[TASK DETAILS] All of the records below need to be written out exactly, but without the pictures.

[Saved entries]
Segment Open

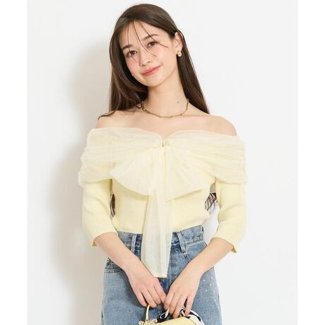 繊細なレイヤードが映えるリボンチュールレイヤードリブニット【Design】・リブニットにチュールを重ねたレイヤードデザインが目を惹くトップス。・ふんわりとしたチュールとリボンディテールが、フェミニンな印象をプラスします◎・程よくフィット感のあるリブシルエットで、すっきりと女性らしいラインに♪・伸縮性のある襟ぐりで、オフショルダーとしても心地よくフィットします◎・前後どちらでも着用できる2WAYデザインで、スタイリングの幅が広がるのも魅力♪・スカートにもパンツにも合わせやすく、幅広いスタイリングで活躍します!・被り仕様【Fabric】・伸縮性のあるリブニット素材で、快適な着心地に。・やわらかく肌なじみの良い風合いで、ストレスフリーに着用いただけます。・ホワイト、イエロー、サックス、ブラックの4色展開となります。【Care】ドライクリーニング
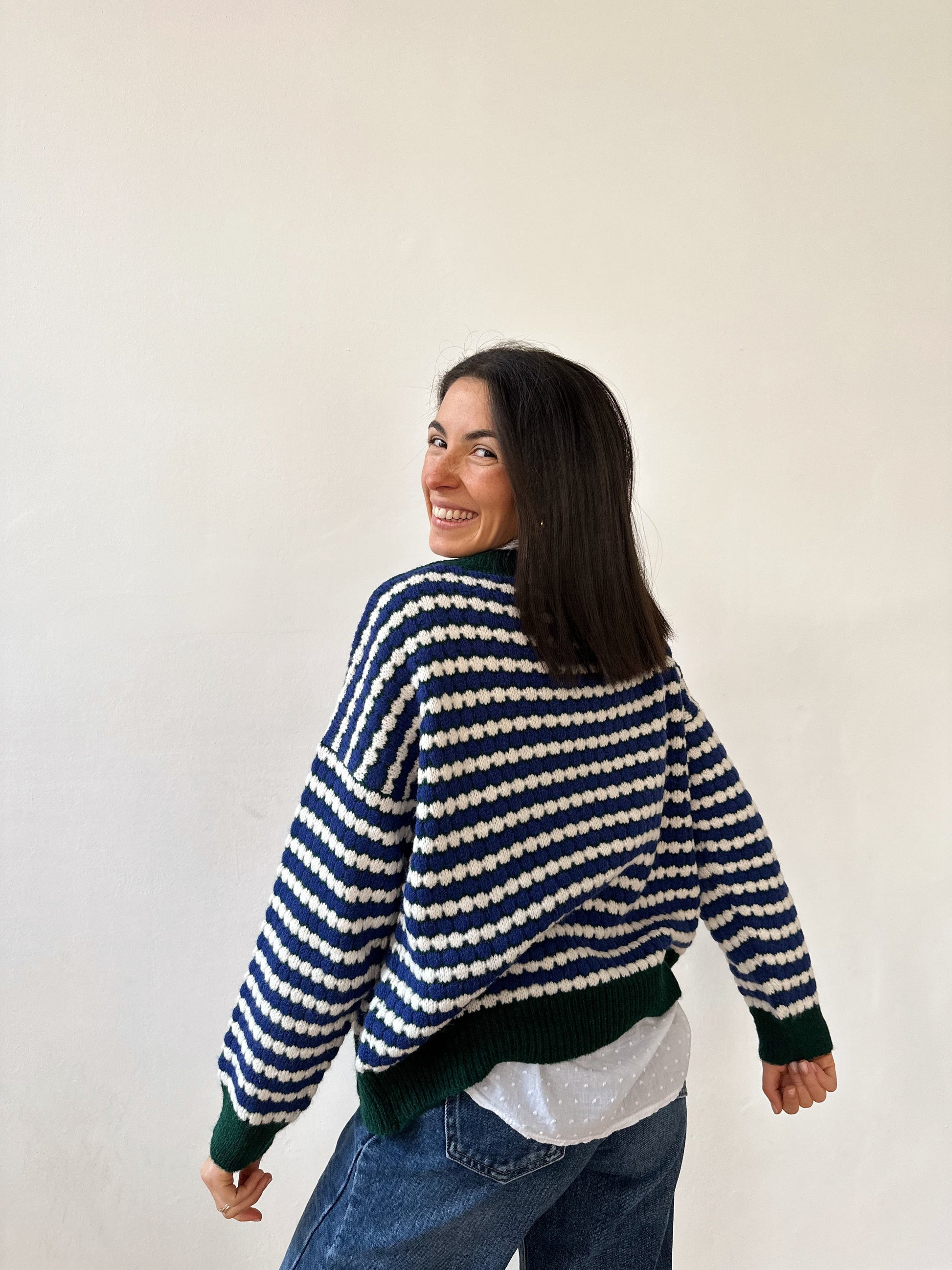 Long-sleeved striped sweater with a wavy effect in shades of green and blue
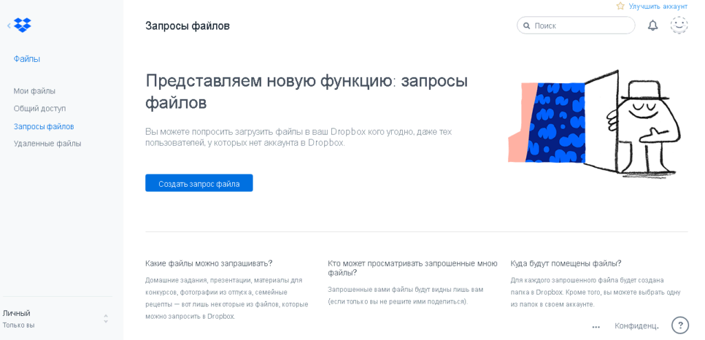 Третьим блоком в списке является Запросы файлов — это новая функция, представленная Dropbox. Она предоставляет пользователю возможность загрузки данных через других людей, которые могут как иметь аккаунт в данном хранилище, так и не иметь его. Внесение документов происходит с помощью запроса файла у другого пользователя.
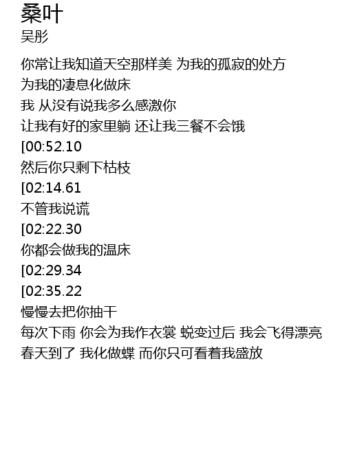 | [02:03.54][00:52.10] | 你是我的桑叶 让我慢慢吞食你 然后你只剩下枯枝 |
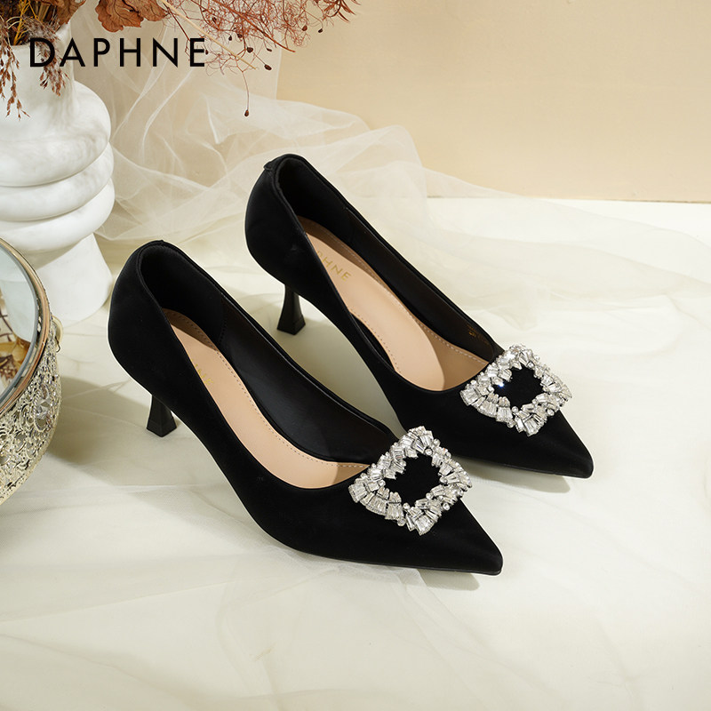 达芙妮黑色高跟鞋子女款2026新款春季水钻鞋子女法式通勤浅口单鞋
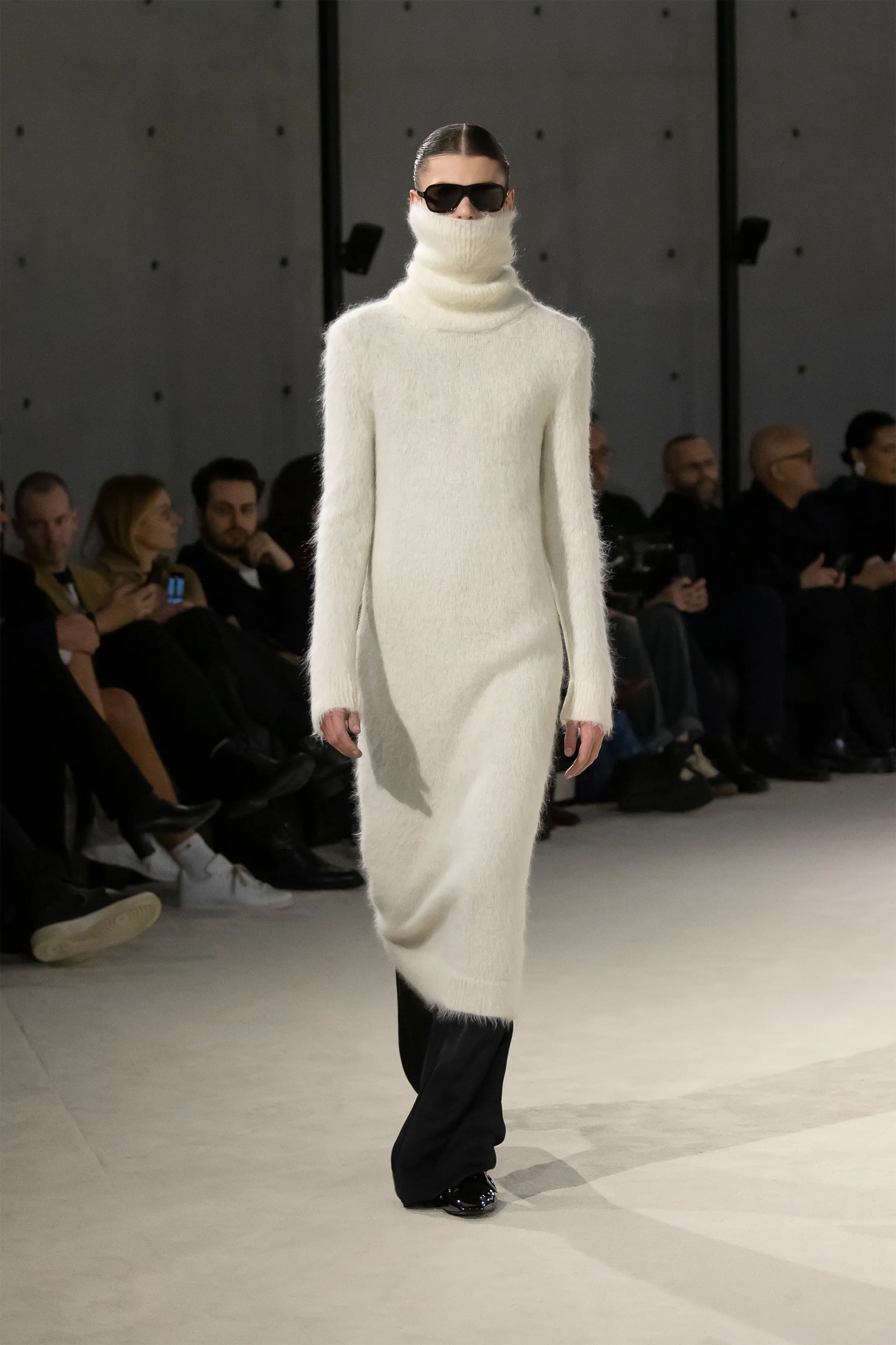 Proseguendo si osserva poi la presenza di camicie in chiffon e tuniche in maglia con cappuccio (motivo che viene ripreso dalla collezione SS23 presentata in Marocco), rigorosamente abbinate a comodi pantaloni che sfiorano il terreno. Sono proprio questi i look che testimoniano le due facce dell’operato di Vaccarello, di cui rispettivamente una più composta e tradizionalista ispirata alle classiche costruzioni Saint Laurent, e una più comoda e minimalista.
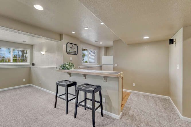 FINISHED BASEMENT with two additional bedrooms, full bathroom, large rec room, wet bar, and a custom HOME BREW ROOM with deep sink—perfect for hobbyists. OVERSIZED STORAGE ROOM ensures ample space for all your extras.
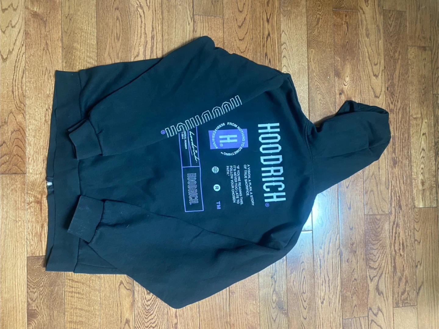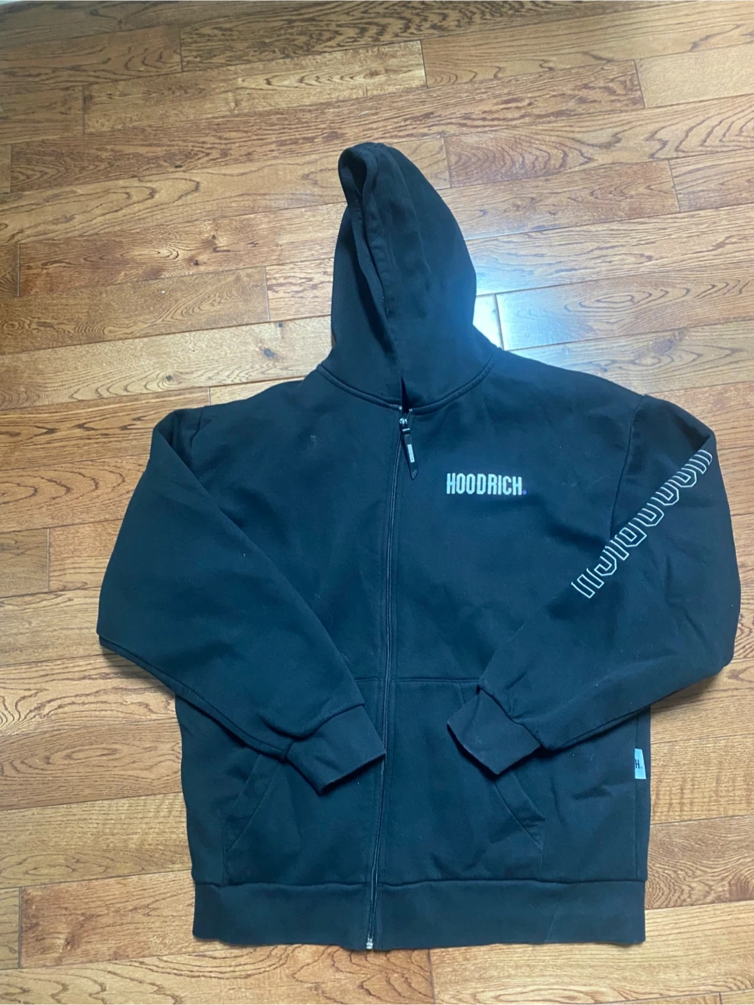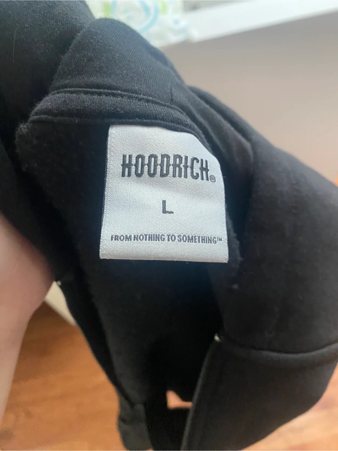 Black Hoodrich zip-up hoodie. Size is large. It's made of a soft material. Perfect for casual wear!

Segment Closed

[ANSWER TO THE EXERCISE]
 繊細なレイヤードが映えるリボンチュールレイヤードリブニット【Design】・リブニットにチュールを重ねたレイヤードデザインが目を惹くトップス。・ふんわりとしたチュールとリボンディテールが、フェミニンな印象をプラスします◎・程よくフィット感のあるリブシルエットで、すっきりと女性らしいラインに♪・伸縮性のある襟ぐりで、オフショルダーとしても心地よくフィットします◎・前後どちらでも着用できる2WAYデザインで、スタイリングの幅が広がるのも魅力♪・スカートにもパンツにも合わせやすく、幅広いスタイリングで活躍します!・被り仕様【Fabric】・伸縮性のあるリブニット素材で、快適な着心地に。・やわらかく肌なじみの良い風合いで、ストレスフリーに着用いただけます。・ホワイト、イエロー、サックス、ブラックの4色展開となります。【Care】ドライクリーニング
 Long-sleeved striped sweater with a wavy effect in shades of green and blue
 Третьим блоком в списке является Запросы файлов — это новая функция, представленная Dropbox. Она предоставляет пользователю возможность загрузки данных через других людей, которые могут как иметь аккаунт в данном хранилище, так и не иметь его. Внесение документов происходит с помощью запроса файла у другого пользователя.
 | [02:03.54][00:52.10] | 你是我的桑叶 让我慢慢吞食你 然后你只剩下枯枝 |
 达芙妮黑色高跟鞋子女款2026新款春季水钻鞋子女法式通勤浅口单鞋
 Proseguendo si osserva poi la presenza di camicie in chiffon e tuniche in maglia con cappuccio (motivo che viene ripreso dalla collezione SS23 presentata in Marocco), rigorosamente abbinate a comodi pantaloni che sfiorano il terreno. Sono proprio questi i look che testimoniano le due facce dell’operato di Vaccarello, di cui rispettivamente una più composta e tradizionalista ispirata alle classiche costruzioni Saint Laurent, e una più comoda e minimalista.
 FINISHED BASEMENT with two additional bedrooms, full bathroom, large rec room, wet bar, and a custom HOME BREW ROOM with deep sink—perfect for hobbyists. OVERSIZED STORAGE ROOM ensures ample space for all your extras.
 Black Hoodrich zip-up hoodie. Size is large. It's made of a soft material. Perfect for casual wear!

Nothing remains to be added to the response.